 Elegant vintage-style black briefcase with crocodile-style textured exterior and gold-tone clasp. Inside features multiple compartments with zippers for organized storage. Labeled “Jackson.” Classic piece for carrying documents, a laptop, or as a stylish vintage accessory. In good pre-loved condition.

::::::::

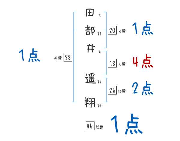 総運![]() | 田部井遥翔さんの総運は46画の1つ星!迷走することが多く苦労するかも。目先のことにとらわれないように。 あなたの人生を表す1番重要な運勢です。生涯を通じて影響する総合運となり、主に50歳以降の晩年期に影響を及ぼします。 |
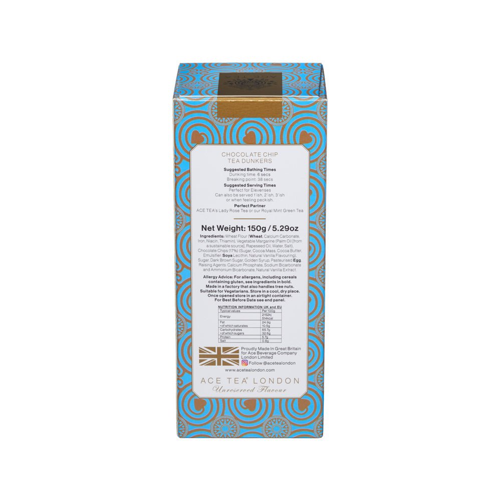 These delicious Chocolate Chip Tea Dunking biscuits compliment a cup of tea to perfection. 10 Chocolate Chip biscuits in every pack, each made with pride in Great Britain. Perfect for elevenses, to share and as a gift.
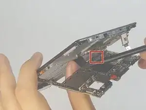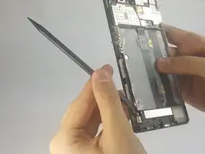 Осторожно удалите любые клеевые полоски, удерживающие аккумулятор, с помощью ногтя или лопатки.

::::::::

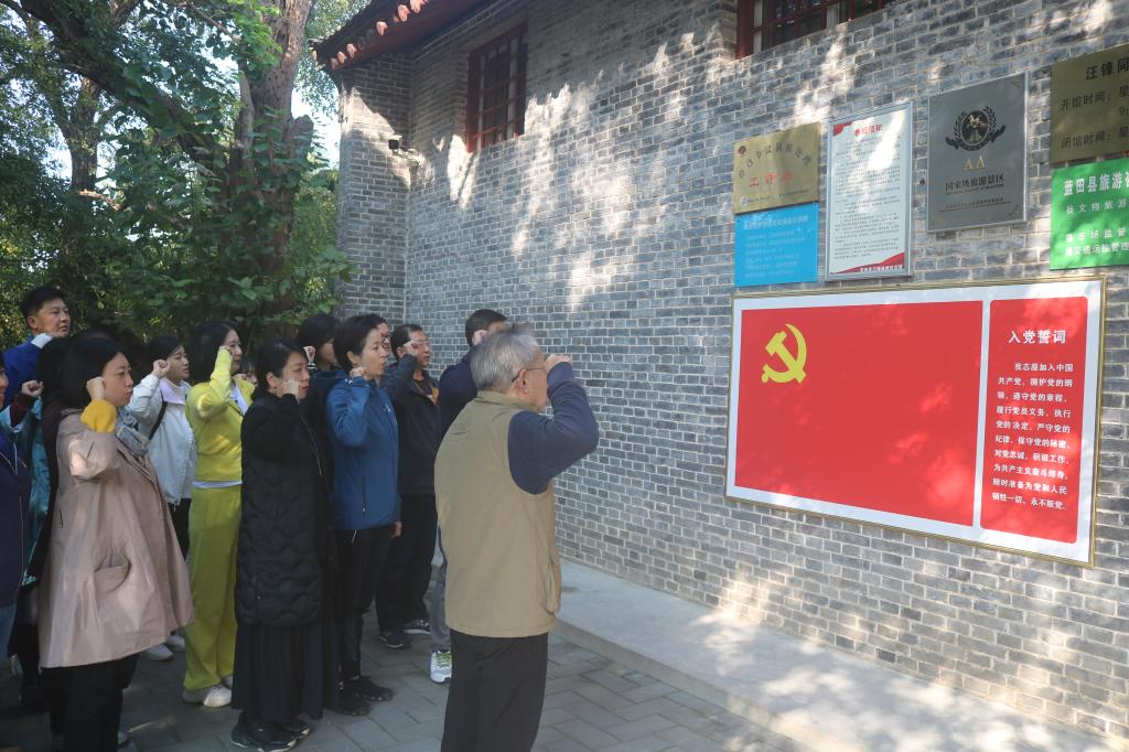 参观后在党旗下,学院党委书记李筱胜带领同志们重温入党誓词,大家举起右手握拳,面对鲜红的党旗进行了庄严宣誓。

::::::::

■ **Required work**:
With the pictures removed from your copy, retype the lines above from the one that contains "総運![]() | 田部井遥翔さんの総運は46画の1つ星!迷走することが多く苦労するかも。目先のことにとらわれないように。" through the one that contains "Осторожно удалите любые", exactly.

■ **Solution to the exercise**:
 総運![]() | 田部井遥翔さんの総運は46画の1つ星!迷走することが多く苦労するかも。目先のことにとらわれないように。 あなたの人生を表す1番重要な運勢です。生涯を通じて影響する総合運となり、主に50歳以降の晩年期に影響を及ぼします。 |
 These delicious Chocolate Chip Tea Dunking biscuits compliment a cup of tea to perfection. 10 Chocolate Chip biscuits in every pack, each made with pride in Great Britain. Perfect for elevenses, to share and as a gift.
 Осторожно удалите любые клеевые полоски, удерживающие аккумулятор, с помощью ногтя или лопатки.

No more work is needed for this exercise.